Die linksliberale Regierung in Spanien erleichtert illegalen Migranten den Zugang zum staatlichen Gesundheitssystem. Der Ministerrat beschloss am 10. März ein Dekret, das das Verfahren für den Zugang zur öffentlichen Gesundheitsversorgung vereinheitlichen und Hürden senken soll.
Der grundsätzliche Zugang zur öffentlichen Gesundheitsversorgung für Migranten ohne Aufenthaltsstatus besteht in Spanien bereits seit einer Gesetzesänderung im Jahr 2018. Künftig reicht dafür eine sogenannte „declaración responsable“ aus. Antragsteller erklären darin unter anderem, dass sie keinen anderen Anspruch auf Gesundheitsversorgung haben und kein anderer Staat oder Dritter für ihre Behandlung zuständig ist. Antragsteller müssen außerdem erklären, nicht mit dem Ziel nach Spanien eingereist zu sein, eine bereits diagnostizierte Krankheit behandeln zu lassen.

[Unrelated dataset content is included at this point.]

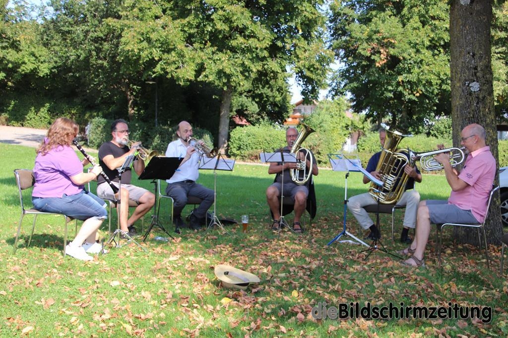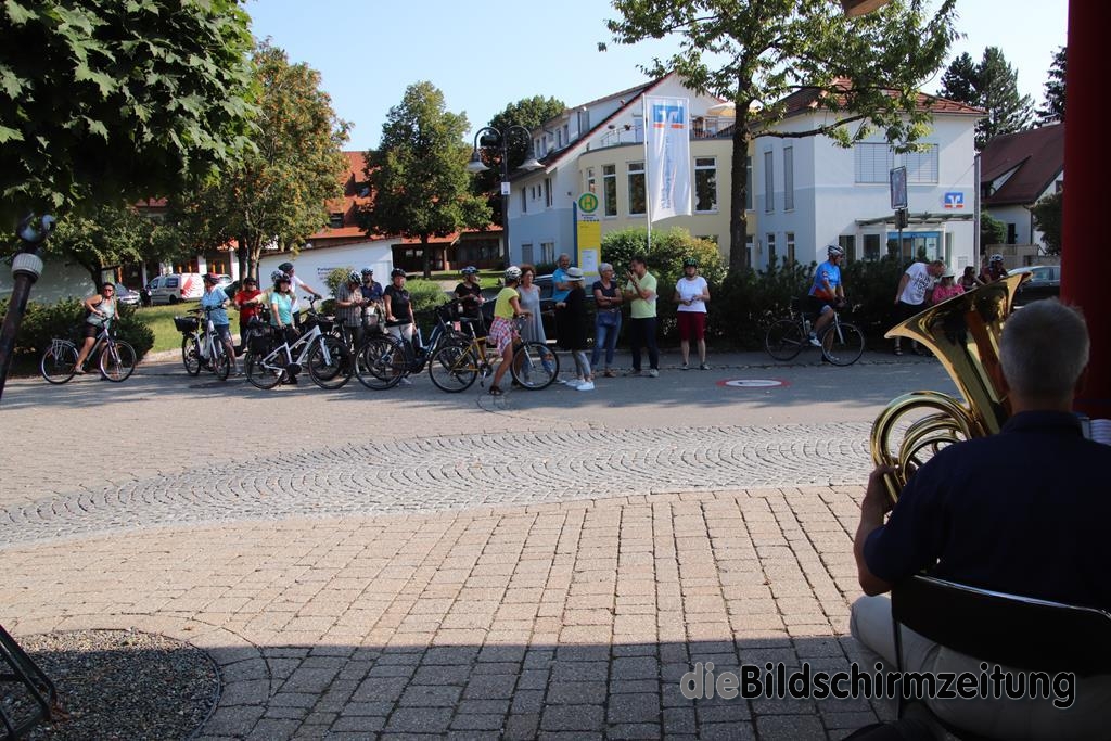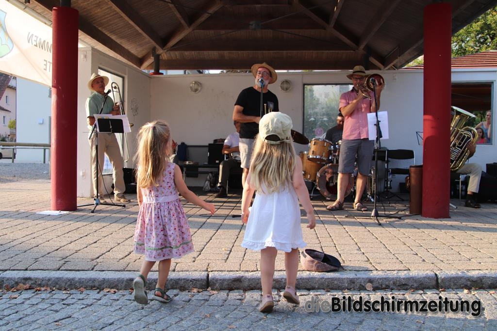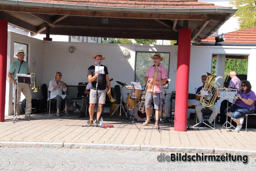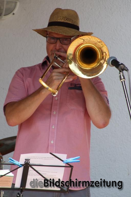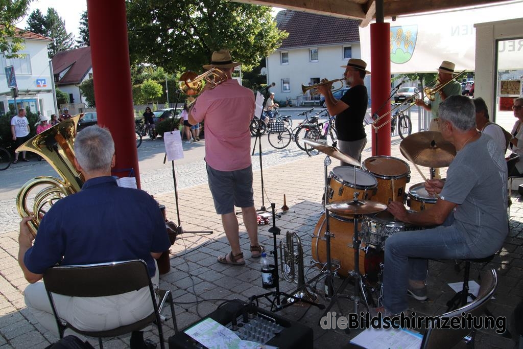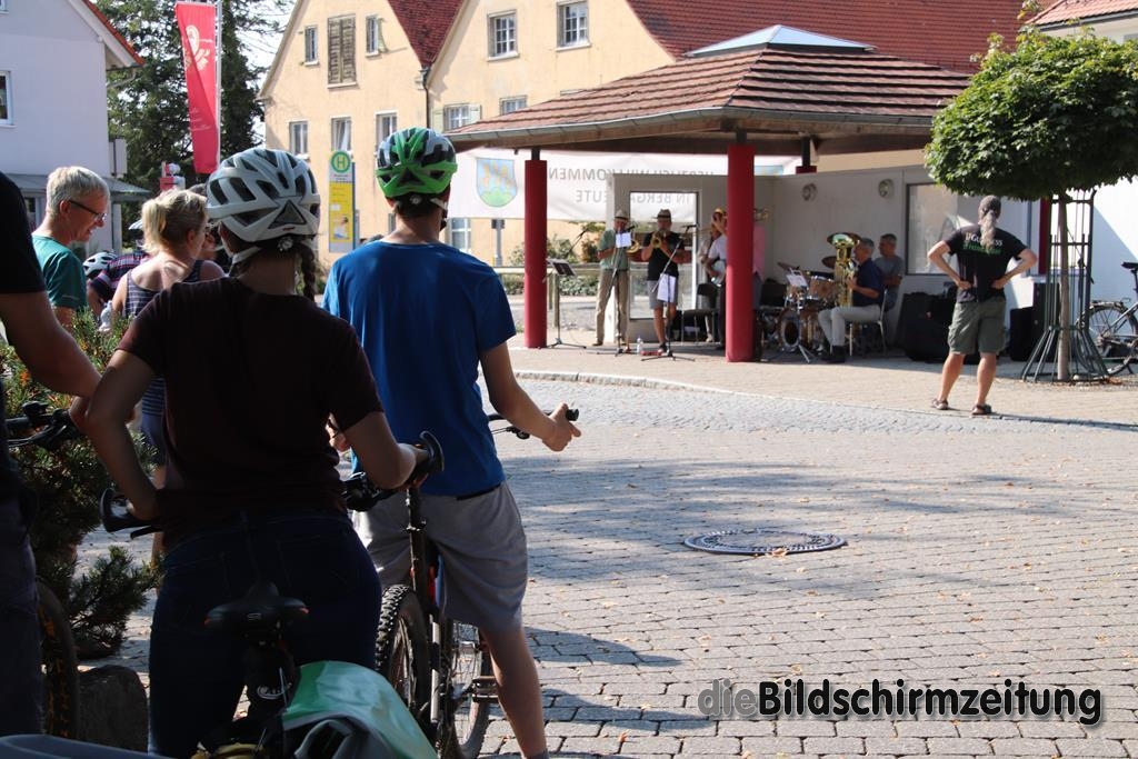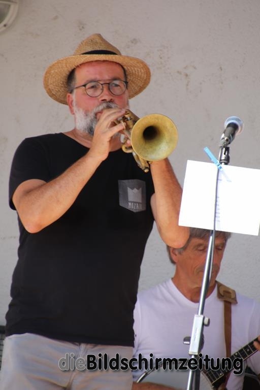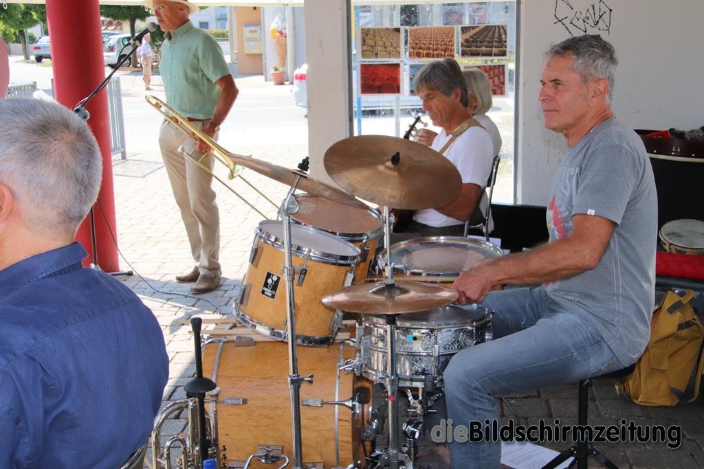 Am Sonntag trat diesmal die Lumpenkapelle aus Bergatreute unter Leitung von Raimon Dörr auf, die sich mit einigen hochkarätigen Interpreten verstärkt hatte. Bekannt ist die Gruppe durch ihre Auftritte bei der Bergatreuter Fasnet. Mitreißende Dixie- und Swing-Melodien ließen die vorbeikommenden Radfahrer heftig applaudieren. Das war aber nicht alles. Auch volkstümliche Walzer, Polkas und Märsche hatte die Gruppe drauf.

Mit dem Einreichen dieser Erklärung erhalten Betroffene unmittelbar ein vorläufiges Dokument, das ihnen Zugang zum staatlichen Gesundheitssystem verschafft. Eine vorherige Prüfung der Angaben findet zu diesem Zeitpunkt nicht statt. Die Behörden haben anschließend bis zu drei Monate Zeit, den Antrag zu prüfen. Erfolgt innerhalb dieser Frist keine Entscheidung, gilt der Antrag automatisch als genehmigt.